▶ _Task objective_: Could you copy the records below exactly, leaving out any pictures they include?

▶ _Records to use_:

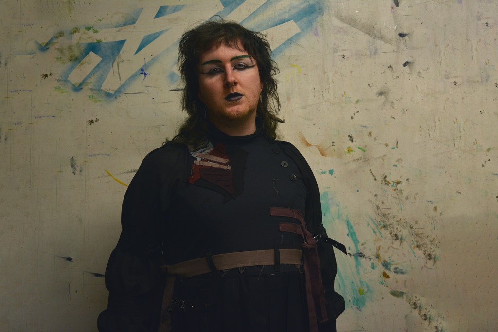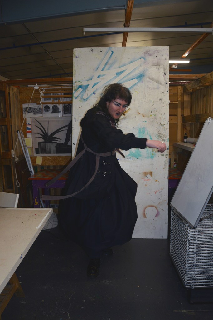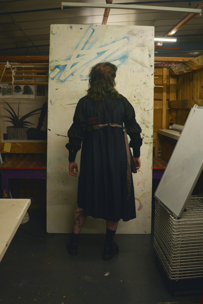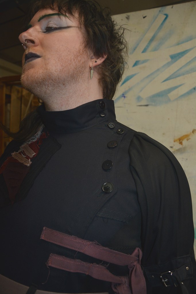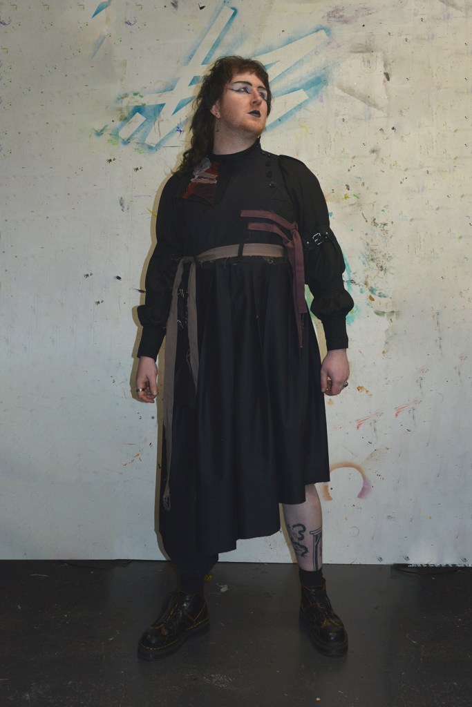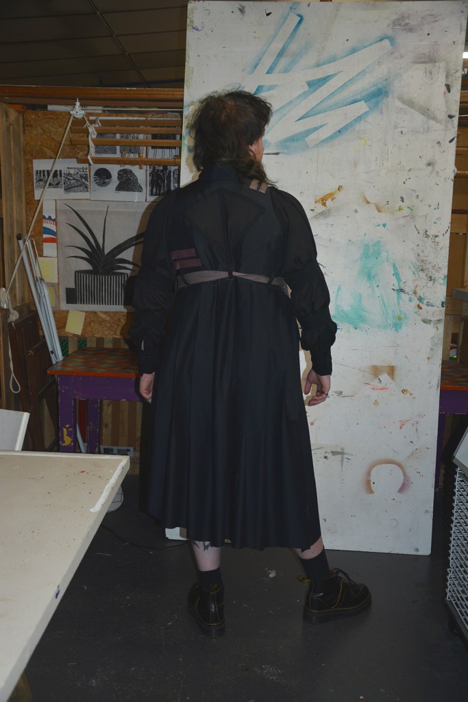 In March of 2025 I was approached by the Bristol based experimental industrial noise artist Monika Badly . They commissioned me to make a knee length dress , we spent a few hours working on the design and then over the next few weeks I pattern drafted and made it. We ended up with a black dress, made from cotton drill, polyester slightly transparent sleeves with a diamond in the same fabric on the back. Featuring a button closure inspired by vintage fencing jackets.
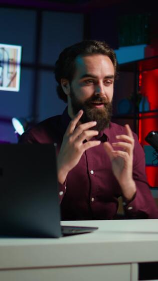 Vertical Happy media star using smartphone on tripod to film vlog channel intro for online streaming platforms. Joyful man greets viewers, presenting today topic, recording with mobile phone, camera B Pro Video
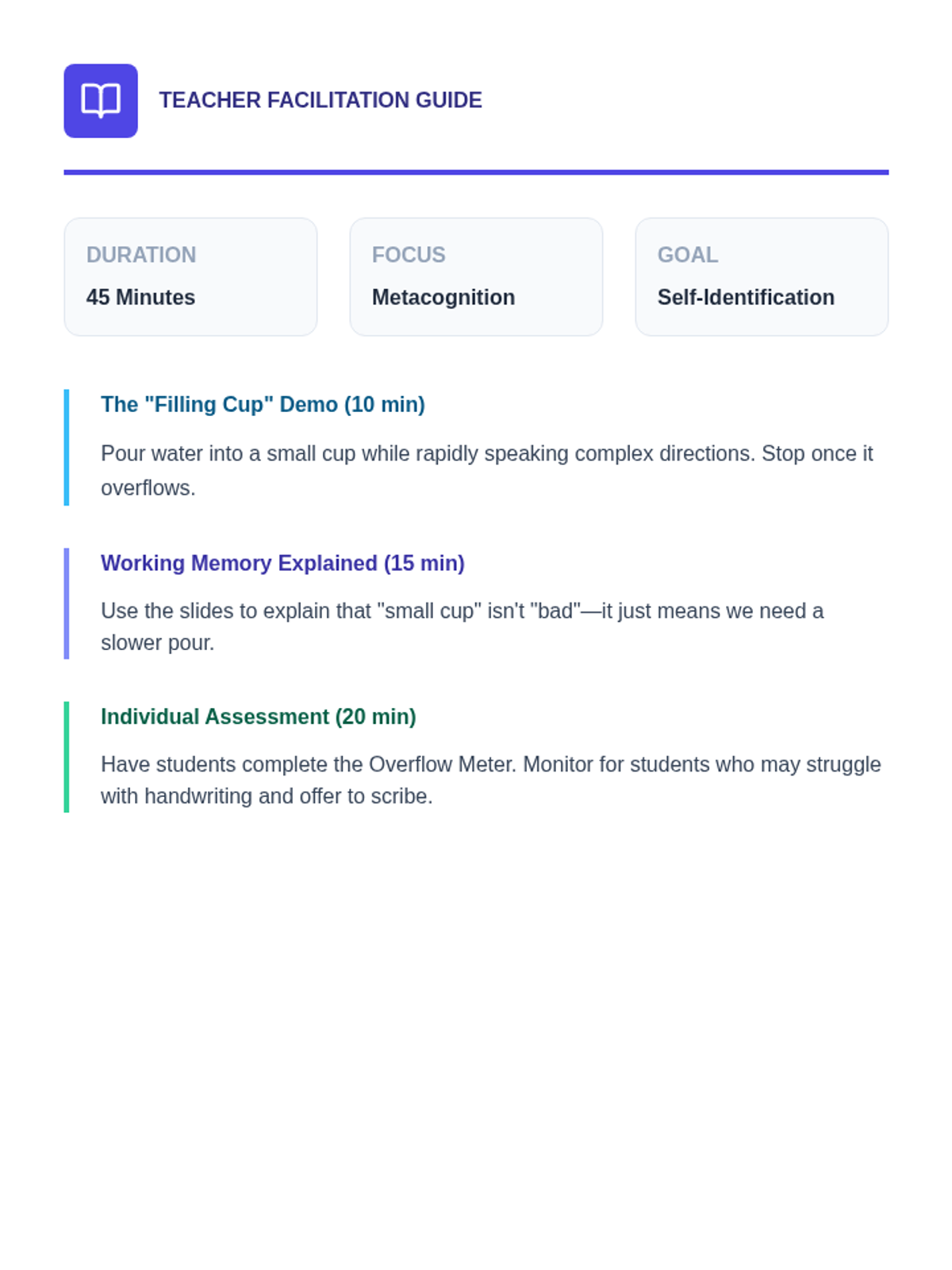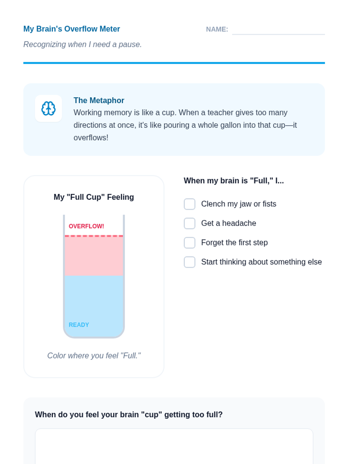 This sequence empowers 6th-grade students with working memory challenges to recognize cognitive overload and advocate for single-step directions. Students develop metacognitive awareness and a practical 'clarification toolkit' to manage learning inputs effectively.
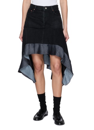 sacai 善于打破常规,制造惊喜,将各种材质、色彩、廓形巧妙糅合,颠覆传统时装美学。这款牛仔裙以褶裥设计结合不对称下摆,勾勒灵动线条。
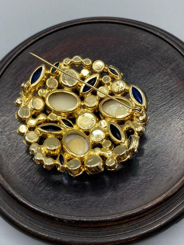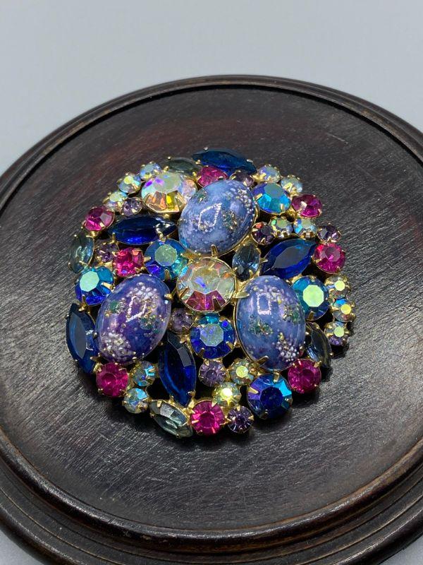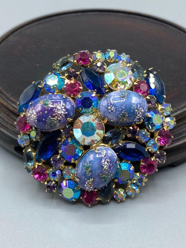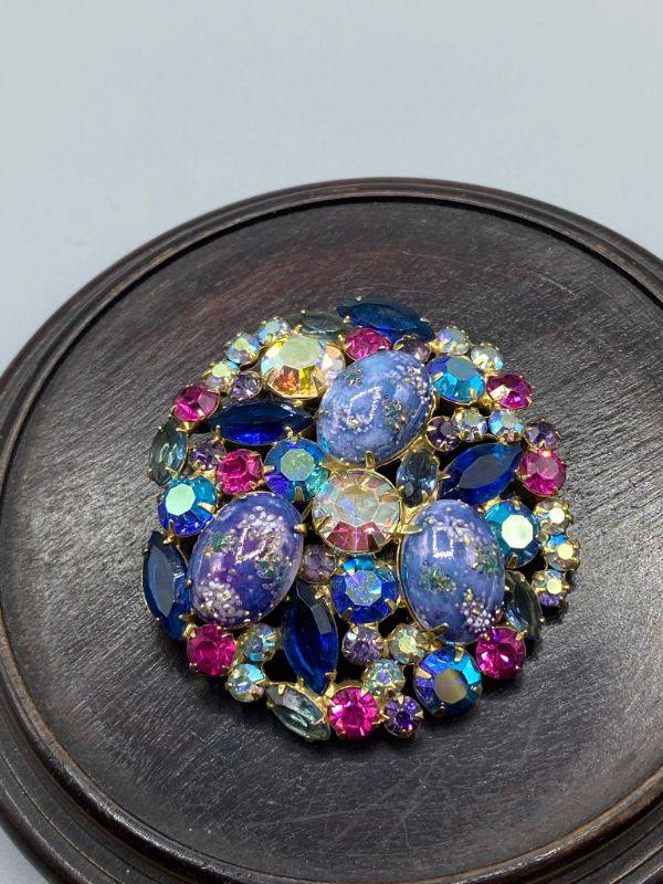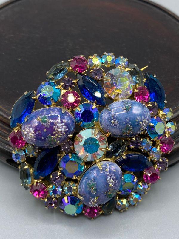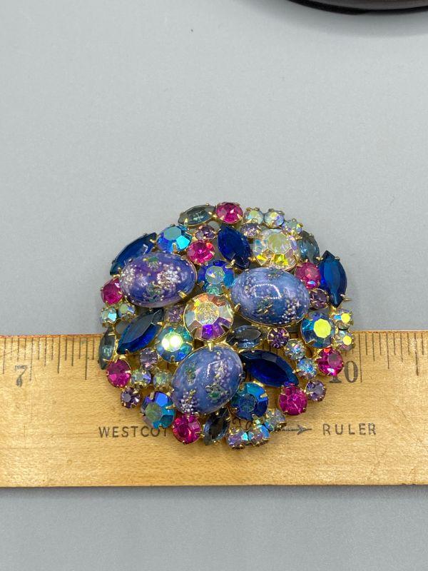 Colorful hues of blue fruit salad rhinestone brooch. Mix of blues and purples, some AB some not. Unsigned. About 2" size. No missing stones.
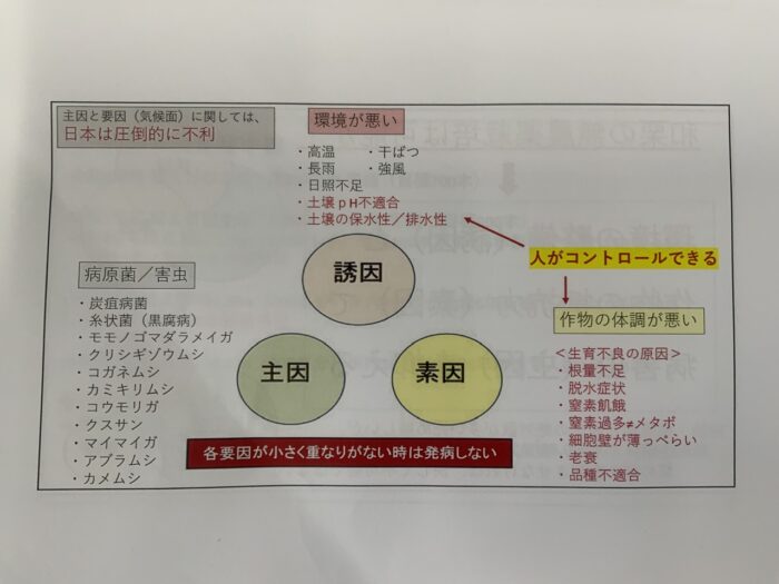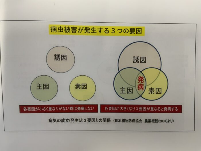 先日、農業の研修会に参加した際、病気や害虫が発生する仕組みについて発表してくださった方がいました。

▶ _Answer for the task_:
 In March of 2025 I was approached by the Bristol based experimental industrial noise artist Monika Badly . They commissioned me to make a knee length dress , we spent a few hours working on the design and then over the next few weeks I pattern drafted and made it. We ended up with a black dress, made from cotton drill, polyester slightly transparent sleeves with a diamond in the same fabric on the back. Featuring a button closure inspired by vintage fencing jackets.
 Vertical Happy media star using smartphone on tripod to film vlog channel intro for online streaming platforms. Joyful man greets viewers, presenting today topic, recording with mobile phone, camera B Pro Video
 This sequence empowers 6th-grade students with working memory challenges to recognize cognitive overload and advocate for single-step directions. Students develop metacognitive awareness and a practical 'clarification toolkit' to manage learning inputs effectively.
 sacai 善于打破常规,制造惊喜,将各种材质、色彩、廓形巧妙糅合,颠覆传统时装美学。这款牛仔裙以褶裥设计结合不对称下摆,勾勒灵动线条。
 Colorful hues of blue fruit salad rhinestone brooch. Mix of blues and purples, some AB some not. Unsigned. About 2" size. No missing stones.
 先日、農業の研修会に参加した際、病気や害虫が発生する仕組みについて発表してくださった方がいました。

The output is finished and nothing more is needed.